An Experimental Study of Categoriality and Object Extraction in Cantonese Serial Verb Constructions

 

Elaine J. Francis and Stephen Matthews

 

 

The ‘coverb’ construction in Cantonese, a serial verb construction (SVC) in which the first verb (the ‘coverb’) has a preposition-like meaning and function, presents a challenging theoretical puzzle. Extracting the object of a coverb typically results in marginal or low acceptability, as illustrated for the coverb doi ‘replace’ in (1). 

 

(1)        ??[[ngo     doi   __i gaau    syu RC]  go  go  jani NP]  jau beng-zo             (Relativization)

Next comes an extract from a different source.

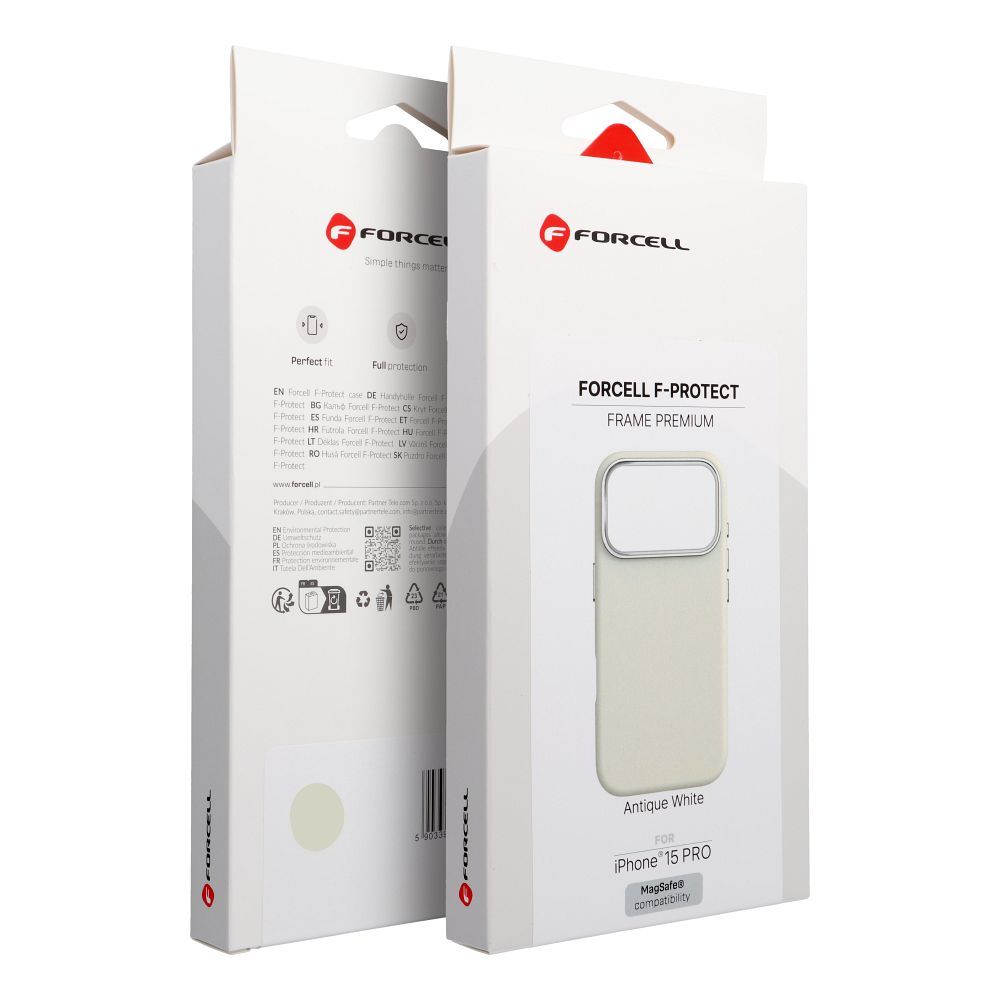 Pouzdro pro iPhone 15 PRO značky Forcell, řada F-Protect Frame, prémiové provedení, kompatibilní s technologií Magsafe, barva: starožitná bílá.

                 I      replace     teach     book   that  CL person  again sick-ASP

                ‘The person in whose place I teach the class is sick again.’

 

In studies on Mandarin, such facts are typically explained in terms of a constraint on ‘preposition stranding’, whereby coverbs are analyzed as prepositions rather than verbs (Zhang 1990, McCawley 1992).  However, Cantonese coverbs display the typical morphosyntactic properties of verbs, suggesting that they are not prepositions.  For example, similar to other verbs, coverbs allow aspect marking, as in (2).

 

(2)        ngo   doi-gwo         ni  go      jan   gaau  syu                                          (Aspect marking)

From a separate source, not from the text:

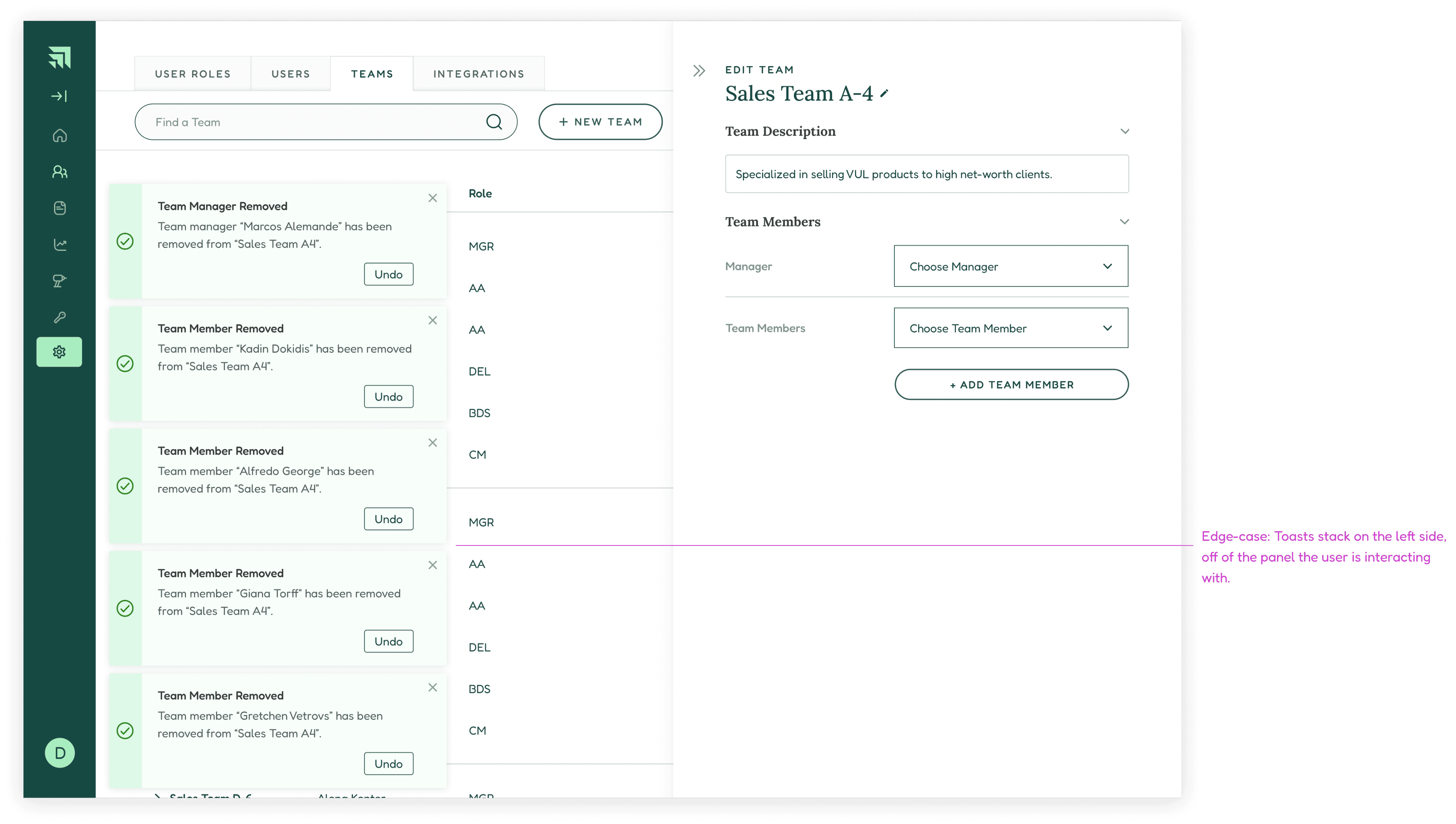 Toast notification stack when many team members, including managers, are deleted using a “Teams” panel

            I        replace-ASP  this CL person teach  book

 ‘I’ve taught a class for (in place of) this person.’

 

In this paper, we report on an experimental study in which an acceptability rating task was used to compare coverbs with transitive verbs in SVCs in which the object of V1 is extracted.  Participants rated sentences containing one of six verbs/coverbs in V1 position and varying along three orthogonal dimensions: (a) one-verb vs. two-verb clauses; (b) aspect vs. no aspect on V1; and (c) extraction vs. no extraction.  The experimental results show no distinction between coverbs and (other) transitive verbs, contradicting a preposition-stranding analysis.  Ratings are marginal to low in extraction conditions for all verbs tested, and differences among individual verbs are not predictable based on their purported status as either ‘verb’ or ‘preposition’.

 

A structural analysis following Y. Li (1993) and Law (1996) would attribute adjunct status to VP1 in cases where extraction from VP1 is ungrammatical (as per Huang’s Condition on Extraction Domain).  Unlike the preposition-stranding analysis, this approach could accommodate the observed variability in acceptability:  those verbs that are interpretable only as adjuncts in the experimental sentences receive significantly worse ratings than those verbs which may be interpreted as heads.  Furthermore, this analysis would predict aspect to be incompatible with sentences for which V1 is interpretable only as an adjunct, since aspect marking occurs only on the head verb of a Chinese SVC (Dechaine 1993, Y. Li 1991). However, our results show no significant effect of aspect marking.

 

In view of these data, we propose an alternative analysis from the perspective of a multi-modular theory of grammar (Sadock 1991, Jackendoff 1997, 2002), re-formulating the relevant constraint as a semantic constraint on extraction from modifying phrases. This analysis is similar to the structural analysis but allows for the possibility of ‘mismatch’ between syntactic structure and semantic structure.  Thus, a verb that is the syntactic head of the SVC (allowing aspect) but a semantic modifier is predicted to disallow extraction of its object, and vice versa, in a manner consistent with the full range of experimental results.